YOUR TASK: Would you copy the listing below exactly, keeping the pictures out?

START SOURCE MATERIAL

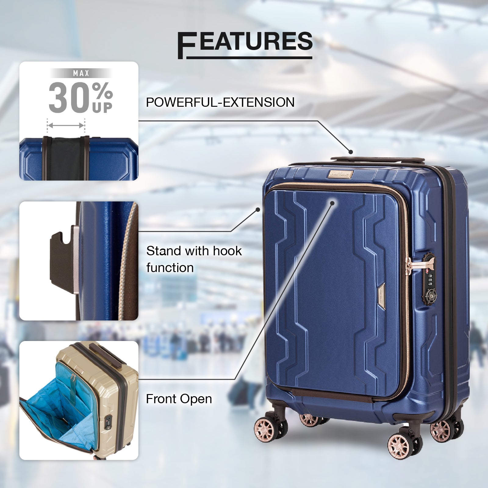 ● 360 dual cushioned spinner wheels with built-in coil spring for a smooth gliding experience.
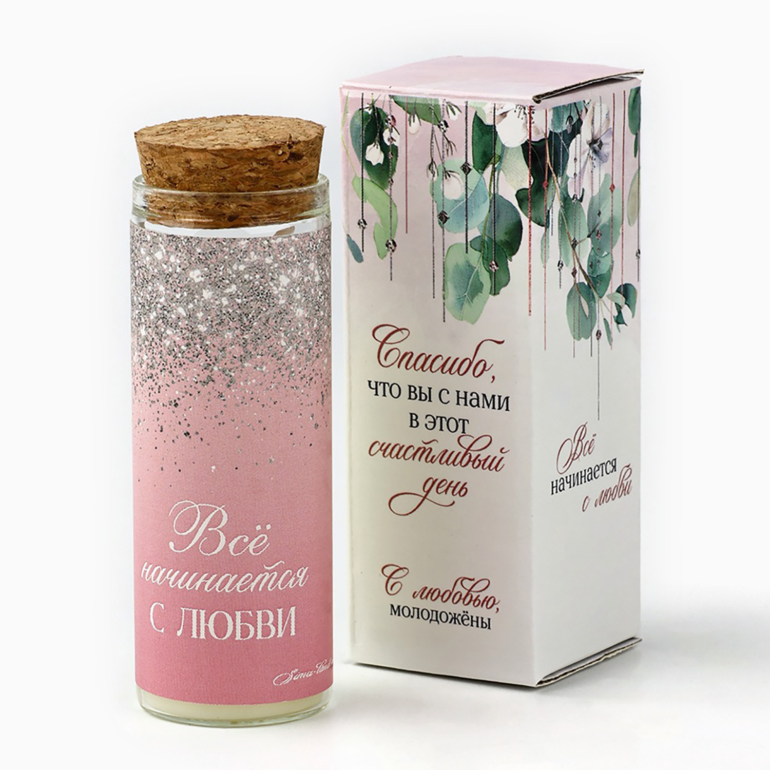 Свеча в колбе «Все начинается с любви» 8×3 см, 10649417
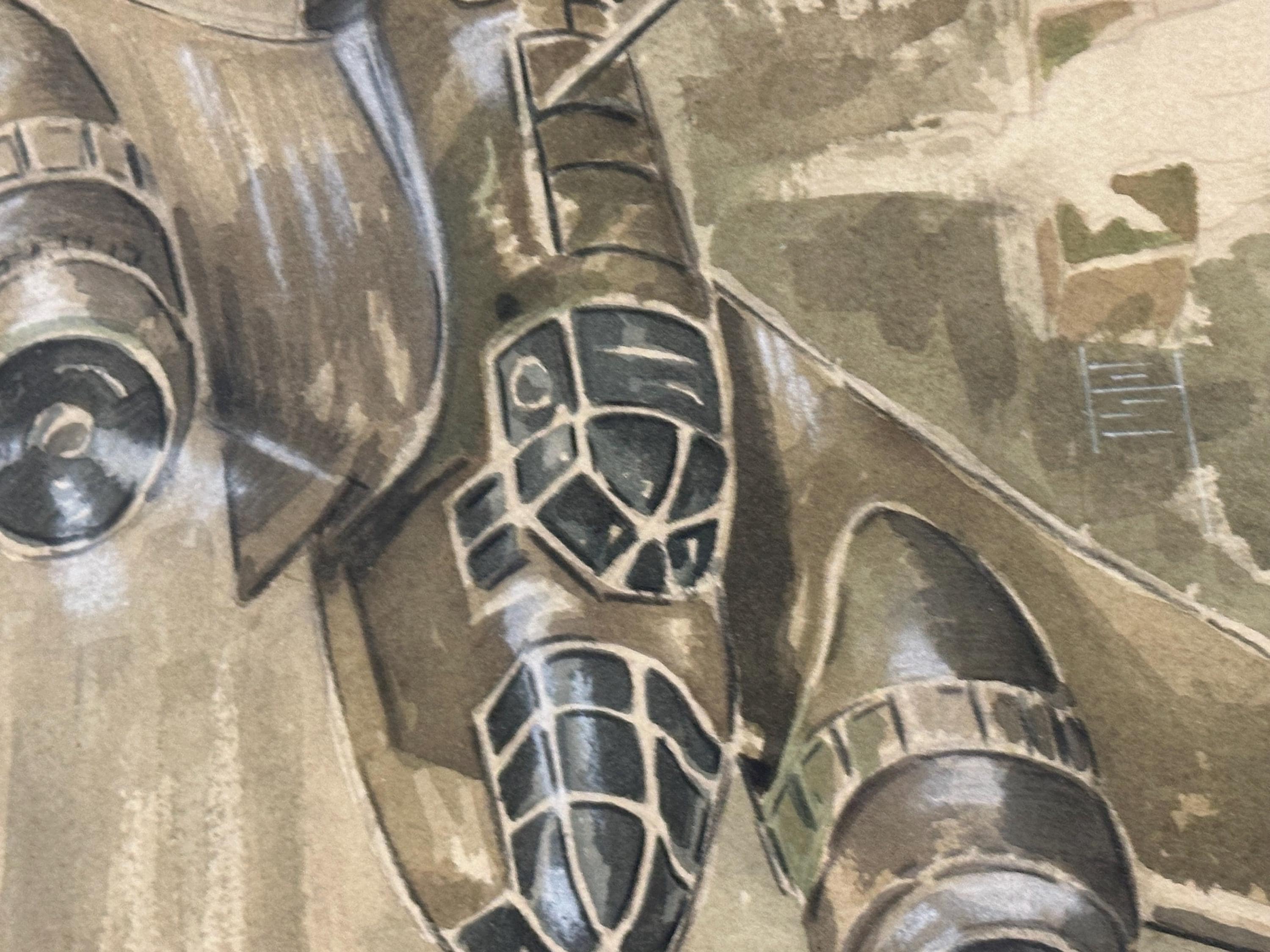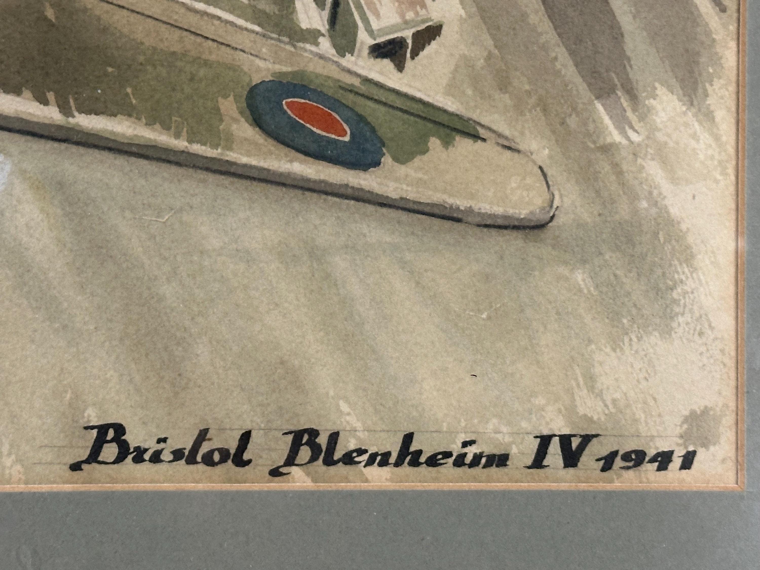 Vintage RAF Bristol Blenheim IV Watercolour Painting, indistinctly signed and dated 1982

END SOURCE MATERIAL

EXPECTED OUTPUT:
 ● 360 dual cushioned spinner wheels with built-in coil spring for a smooth gliding experience.
 Свеча в колбе «Все начинается с любви» 8×3 см, 10649417
 Vintage RAF Bristol Blenheim IV Watercolour Painting, indistinctly signed and dated 1982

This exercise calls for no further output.